### Recorded data
::::
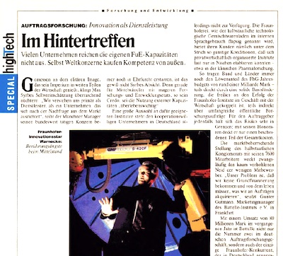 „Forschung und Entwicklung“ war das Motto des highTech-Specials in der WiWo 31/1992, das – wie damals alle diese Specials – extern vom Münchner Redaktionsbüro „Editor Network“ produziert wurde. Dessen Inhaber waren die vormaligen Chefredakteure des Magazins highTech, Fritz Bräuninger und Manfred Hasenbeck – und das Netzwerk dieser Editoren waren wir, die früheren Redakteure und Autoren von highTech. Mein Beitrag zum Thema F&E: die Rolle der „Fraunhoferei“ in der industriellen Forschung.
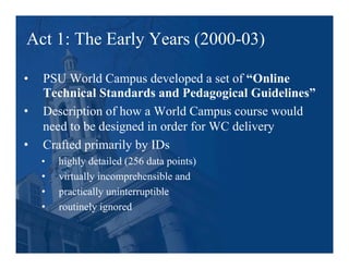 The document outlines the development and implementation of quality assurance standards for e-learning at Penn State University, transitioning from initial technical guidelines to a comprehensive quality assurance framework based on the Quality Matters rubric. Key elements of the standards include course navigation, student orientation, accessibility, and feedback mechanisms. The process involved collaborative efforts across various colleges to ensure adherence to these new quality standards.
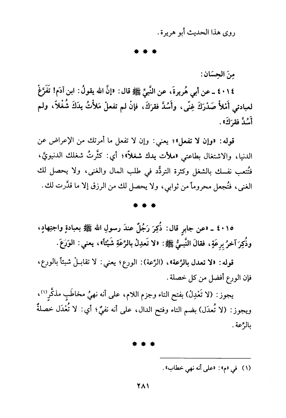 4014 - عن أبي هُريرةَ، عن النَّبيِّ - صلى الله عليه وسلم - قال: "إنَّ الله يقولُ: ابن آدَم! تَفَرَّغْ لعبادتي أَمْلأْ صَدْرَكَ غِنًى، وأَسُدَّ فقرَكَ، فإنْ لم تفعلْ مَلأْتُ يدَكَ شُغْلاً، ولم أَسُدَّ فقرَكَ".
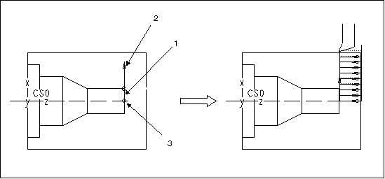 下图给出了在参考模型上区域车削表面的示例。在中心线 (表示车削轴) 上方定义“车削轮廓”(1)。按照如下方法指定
::::
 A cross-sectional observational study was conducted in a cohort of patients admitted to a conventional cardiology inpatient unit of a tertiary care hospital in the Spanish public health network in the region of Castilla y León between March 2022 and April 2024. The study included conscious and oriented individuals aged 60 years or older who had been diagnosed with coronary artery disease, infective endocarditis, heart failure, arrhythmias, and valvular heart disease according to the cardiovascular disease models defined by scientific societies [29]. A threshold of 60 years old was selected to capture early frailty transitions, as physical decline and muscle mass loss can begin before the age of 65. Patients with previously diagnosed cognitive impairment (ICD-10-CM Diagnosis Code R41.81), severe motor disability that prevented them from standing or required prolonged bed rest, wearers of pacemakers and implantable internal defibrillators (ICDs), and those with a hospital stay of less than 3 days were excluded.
::::
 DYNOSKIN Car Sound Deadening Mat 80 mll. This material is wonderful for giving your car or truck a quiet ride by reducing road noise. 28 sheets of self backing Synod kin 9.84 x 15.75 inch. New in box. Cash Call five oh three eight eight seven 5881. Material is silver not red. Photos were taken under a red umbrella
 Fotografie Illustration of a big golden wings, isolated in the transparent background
::::
### Prompt
Please say how many lines in the records above contain the word "were", giving the number alone.

### Written solution
2